Additional Exercises

Overview

Teaching: 0 min
Exercises: 20 min
Questions
  • How can I build a data-processing pipeline?

Objectives
  • Construct a pipeline that takes input files and generates output.

  • How to separate input and output data files.

  • Use date to determine today’s date in a particular format.

  • Use cut to extract particular fields from a comma-separate value (CSV) data file.

  • Extend an existing pipeline with an additional data processing stage.

Working with dates

Using the date command we’re able to retrieve today’s date and time in any format we want. For example:

$ date +“%d-%m-%y”

The argument after the command indicates the format we’d like - %d will be replaced with the day of the month, %m the month, and %y the year. So this will output today’s date in the form day, month and year, separated by hyphens, e.g. 16-11-20. We can capture this date output in a Bash variable using $(), for example in the shell:

$ today_date=$(date +“%d-%m-%y”)

Copying files with new filenames

Write a script in the swc-shell-novice/ directory that goes through each .csv file in the data directory (that resides in the swc-shell-novice/ directory) and creates a copy of that file with today’s date at the start of the filename, e.g. 16-11-20-sc_climate_data.csv.

Hints:

  • With the input data files we’re going to use held in the data directory, create a new directory which will be used to hold your output files. When writing scripts or programs that generate output from input, it is a good idea to separate where you keep your input and output files. This allows you to more easily distinguish between the two, makes it easier to understand, and retains your original input which is invaluable if your script has a fault and corrupts your input data.

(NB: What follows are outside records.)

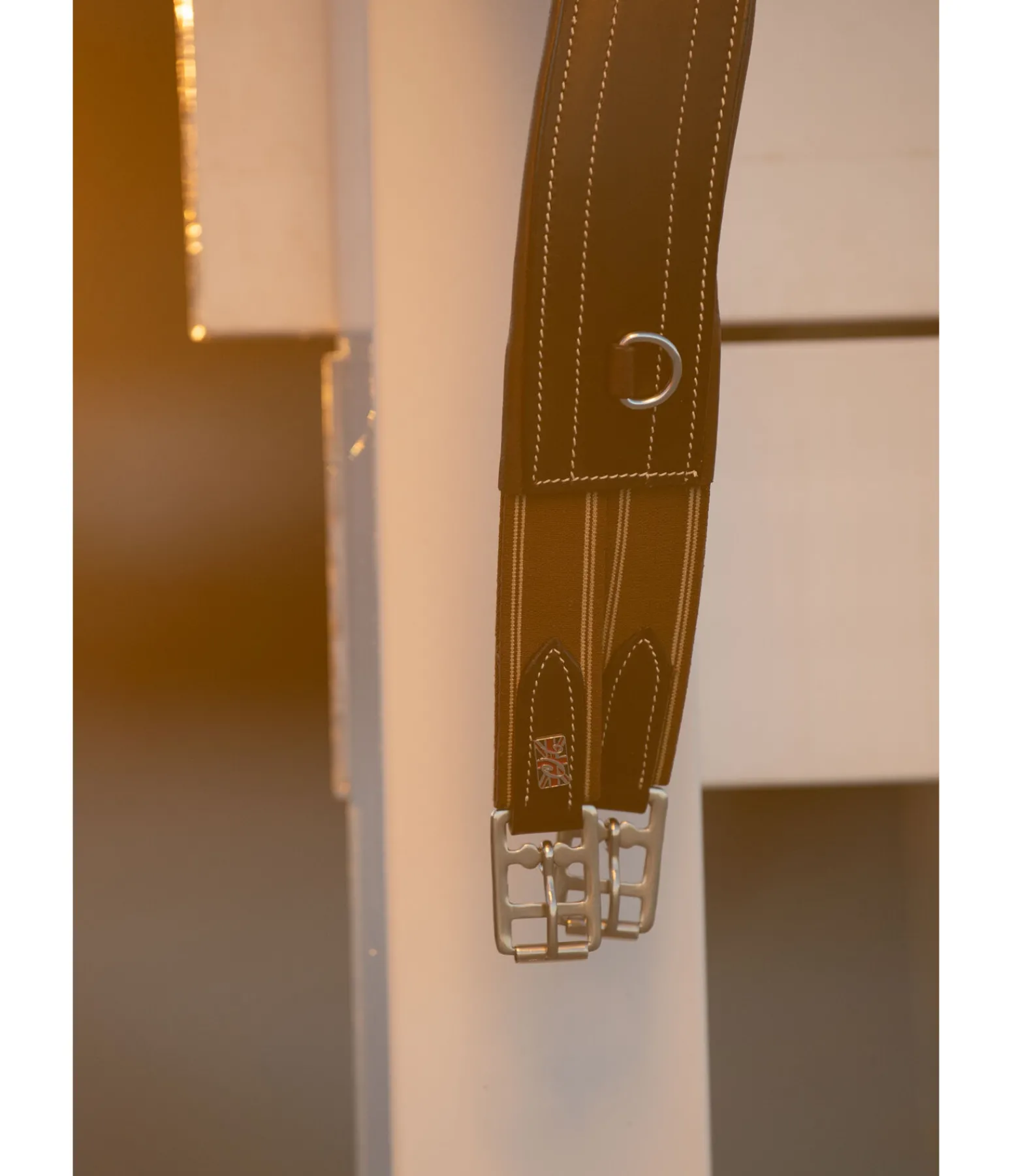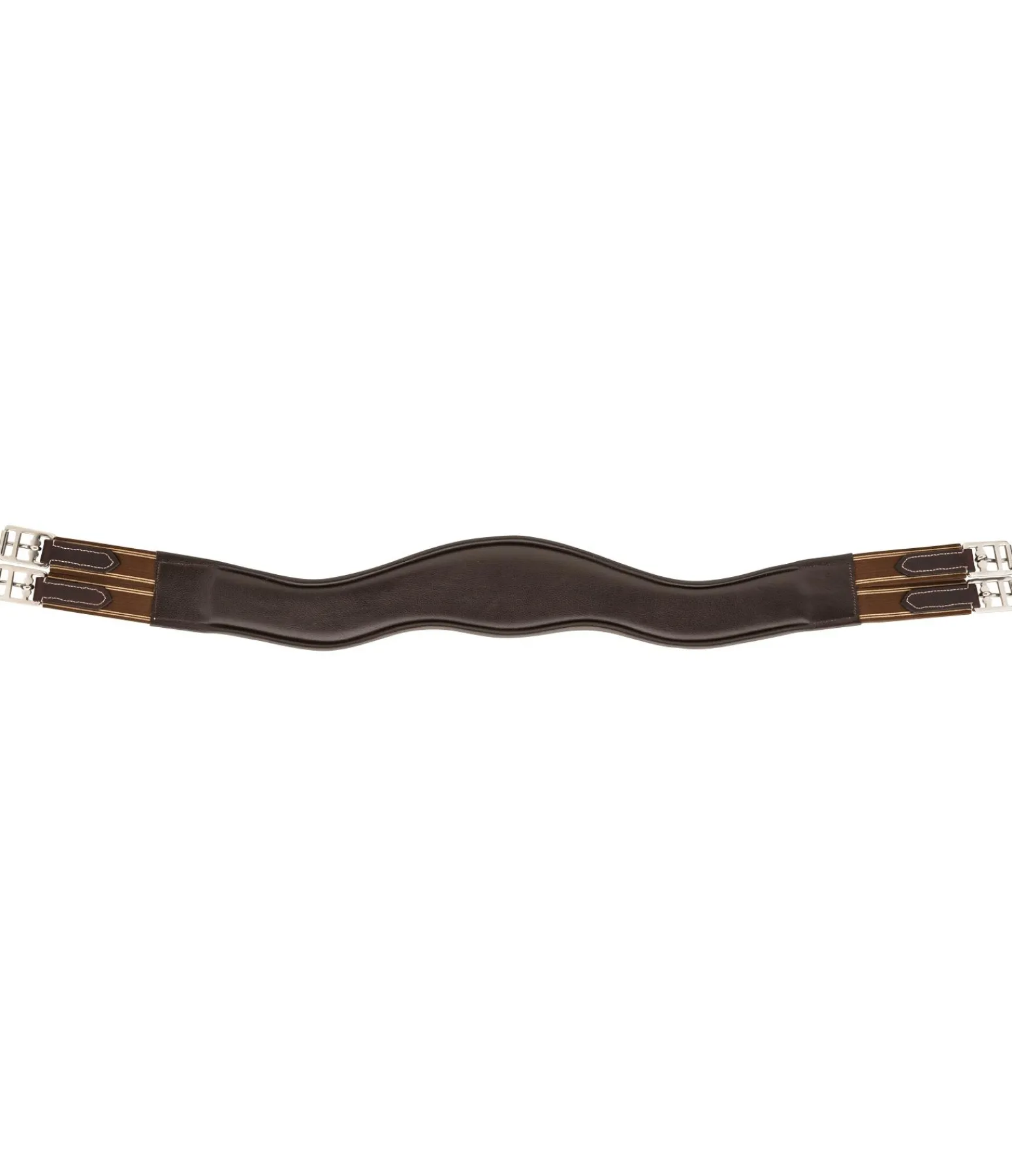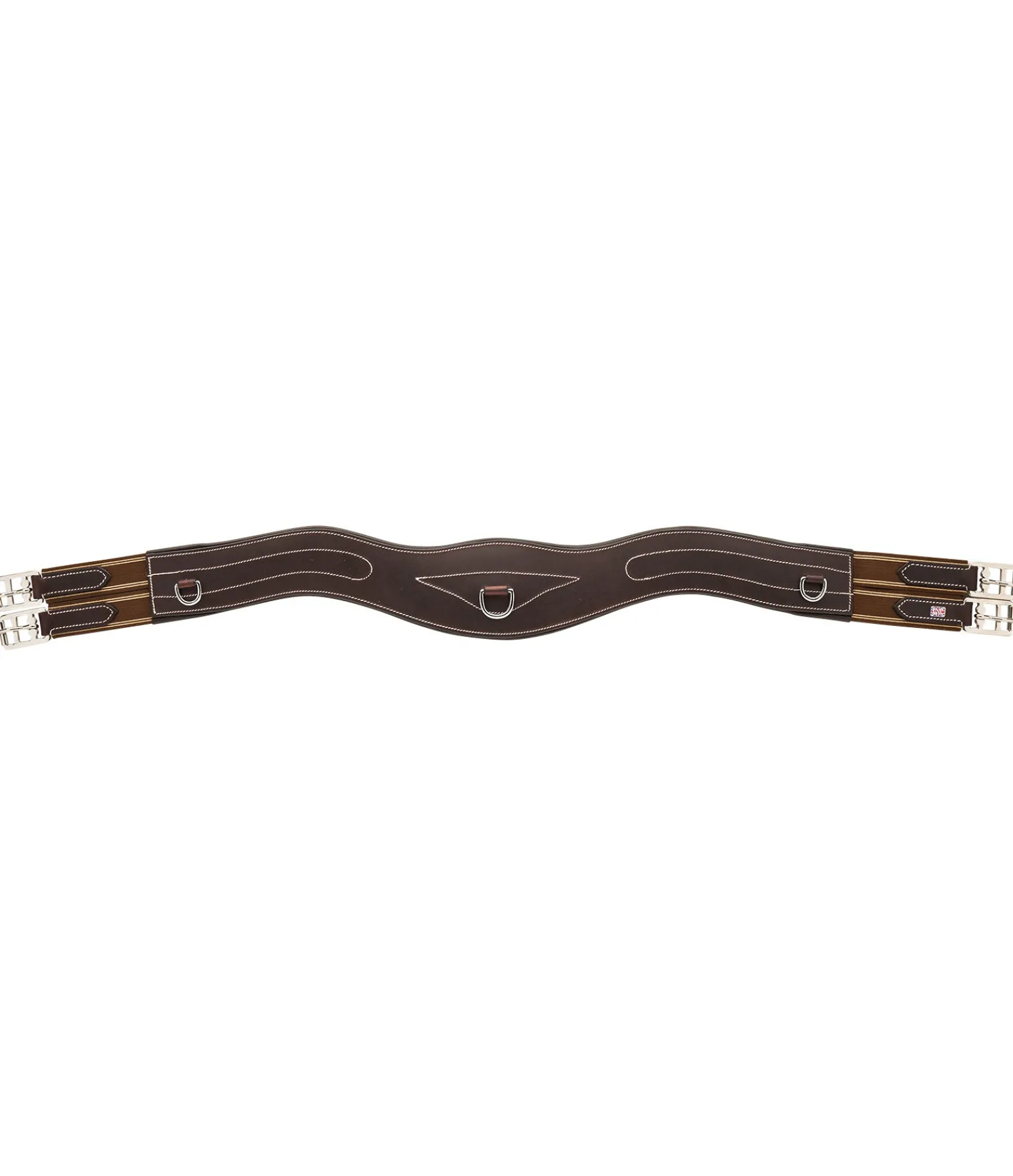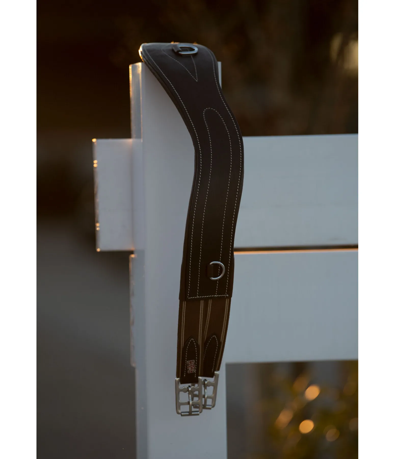 Sangle en cuir anatomique avec rembourrage doux, trois anneaux en D, empiècements élastiques des deux côtés et boucles à rouleau. Largeur 11 cm.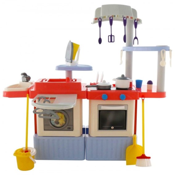 Kuchnia z Zestawem Sprzątającym od znanej i cenionej firmy Wader QT to idealna propozycja na prezent. Rozbudowany zestaw posiada m.in.: pralkę, kuchnię, piekarnik, deskę do prasowania, zlew z kranem, płytę indukcyjna, żelazko, mopa i wiele innych. Idealny zestaw dla małych gosposi, które uwielbiają naśladować swoich rodziców. Będzieidealnym dopełnieniem kącika zabaw w domu lub przedszkolu.
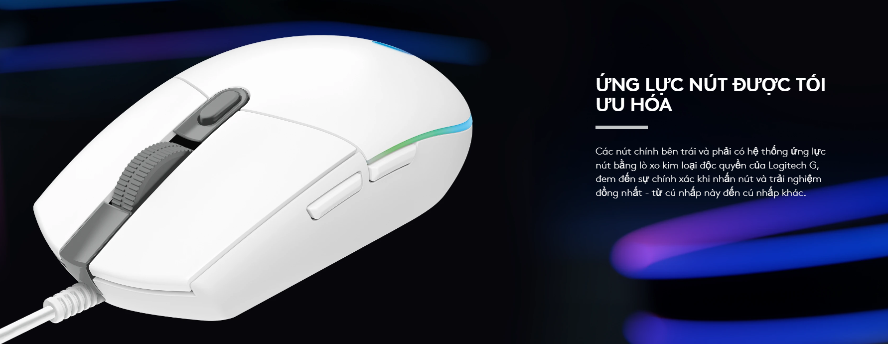 Phím bấm trái và phải của Chuột có dây Logitech G102 Gaming Gen 2 được trang bị hệ thống ứng lực lò xo kim loại độc quyền của Logitech G. Công nghệ này giúp giảm lực nhấn cần thiết, mang lại cảm giác click chuột giòn giã, chính xác và độ phản hồi đồng nhất trong suốt thời gian dài sử dụng.

It also means that if you add an additional processing step that will work on the output data and generate new output, you can logically extend this by adding a new script and a new directory to hold that new output, and so on.
  • You can use basename followed by a path to extract only the filename from a path, e.g. basename test_directory/notes.txt produces notes.txt.

Solution

If we assume the output directory is named copied:

today_date=$(date +"%d-%m-%y")

for file in data/*.csv
do
    base_file=$(basename $file)
    cp $file copied/$today_date-$base_file
done

Extracting columns from CSV

A really handy command to know when working with comma-separated value (CSV) data is the cut command. You can use the cut command to extract a specific column from CSV data, e.g.:

$ echo “1,2,3,4” | cut -d”,” -f 3

Will output 3.

The -d argument specifies, within quotes, the delimiter that separates the columns on each line, whilst the -f argument indicates the column (or columns) you wish to extract.

Filtering our output

Let’s extend our pipeline to extract a specific column of data from each of our newly copied files.

Create a new script that takes each new file we created in the earlier exercise and creates a new file (again, in another separate output directory), which contains only the data held in the Max_temp_jul_F column.

Solution

The Max_temp_jul_F column is the fourth column in each data file If we assume the input directory is named copied and the output directory is named filtered:

for file in copied/*.csv
do
   base_file=$(basename $file)
   cat $file | cut -d"," -f 4 > filtered/$base_file
done

Key Points

  • date prints the current date in a specified format.

  • Scripts can save the output of a command to a variable using $(command)

  • basename removes directories from a path to a file, leaving only the name

  • cut lets you select specific columns from files, with -d',' letting you select the column separator, and -f letting you select the columns you want.